4.2. Performance Appraisal System Functional Architecture

The performance appraisal designed in this study can be integrated into the large system of human resource management. The performance appraisal mainly interacts through the portal website, to realize the centralized management of application data, and the data level mainly realizes the analysis and processing of data through data sharing and process control. Setting modules such as module management, interface setting, and other tools preserve various parameters of the system. After the user logs in, according to the identity authentication, it is determined whether the user has the authority of this module through the authority of the platform. If we have permission, then the configuration information of the module from the database can be read, and the corresponding module on the interface can be displayed. The functional architecture of the performance appraisal system is listed in Figure 4.

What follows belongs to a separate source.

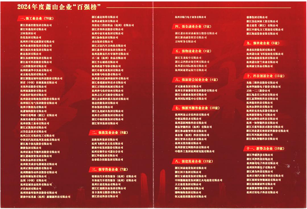 為進一步推動高質(zhì)量發(fā)展,鼓勵廣大企業(yè)在高質(zhì)量共富中扛起企業(yè)擔(dān)當(dāng),打造新時代共同富裕全域新標(biāo)桿,構(gòu)建優(yōu)勢互補、高質(zhì)量發(fā)展的區(qū)域經(jīng)濟布局,特認定蕭山區(qū)百強企業(yè)。該榜單每年評選一次,旨在評選出蕭山區(qū)標(biāo)桿企業(yè),鼓勵企業(yè)做大做強,著力增強企業(yè)創(chuàng)新能力,提升企業(yè)的綜合實力。萬向集團、傳化集團、恒逸集團、榮盛控股集團等蕭山區(qū)知名企業(yè)皆入選榜單。

The performance appraisal management system mainly includes the following modules: (1) basic settings module includes evaluation period, evaluation dimension, and evaluation template. (2) KPI assessment module mainly includes the KPI assessment approval relationship and KPI assessment process function. (3) Evaluation relationship module includes evaluation object grouping, evaluation subject grouping, and evaluation relationship maintenance functions. Corresponding evaluation subjects and evaluation weights can be set according to different evaluation dimensions, different evaluation forms, different evaluation units, and different evaluation objects. (4) Evaluation implementation module mainly includes anonymous account generation, grouping, and scoring functions. After the performance administrator configures the evaluation group and the evaluation relationship, the evaluation relationship can be activated to enter the scoring state. At this time, the system will automatically generate anonymous accounts in groups. (5) Result calculation module can calculate the data collected by the performance evaluation form to obtain data, such as the number of test scores and the ranking within the group, and calculate the evaluation status of the evaluation objects by different evaluation subject groups according to the evaluation method. (6) Report center module mainly includes the functions of evaluation result statistics, query, and analysis. It supports the analysis and statistics of the evaluation results from different angles and provides reporting functions such as the traceability of the original evaluation results, the evaluation result table of each subject, and the comprehensive analysis of the evaluation results.

5. Conclusion

It is of great significance to apply the quantitative results of performance appraisal to actual work. Using scientific mathematical models, the division of labor can be further rationally optimized and the overall work efficiency can be improved. Increased productivity is a win-win situation for businesses as well as employees. Under normal circumstances, the number of tasks of a company is generally far greater than the number of employees, and the increase in the number of employees generally cannot keep up with the increase in the number of tasks. In view of this situation, it is very important for business leaders to arrange reasonable arrangements for employees and tasks. This study uses a multiobjective decision-making mathematical model to optimize performance appraisal in human resource management. This optimization method is applied to the performance appraisal digital management system. The evaluation of the employees’ work in this study is entirely based on the reform of the performance appraisal system and the quantification of the appraisal results. However, there is still a lot of room for improvement in the development of human resource management. The reform of the performance appraisal system has not been taken seriously, and qualitative appraisal is still used as the evaluation result of personnel. This also makes it difficult to achieve the goal of scientific management using information tools or intelligent models.

Data Availability

The labeled datasets used to support the findings of this study are available from the corresponding author upon request.

Conflicts of Interest

The authors declare that they have no conflicts of interest.

Acknowledgments

This work was supported by the Segi University Malaysia.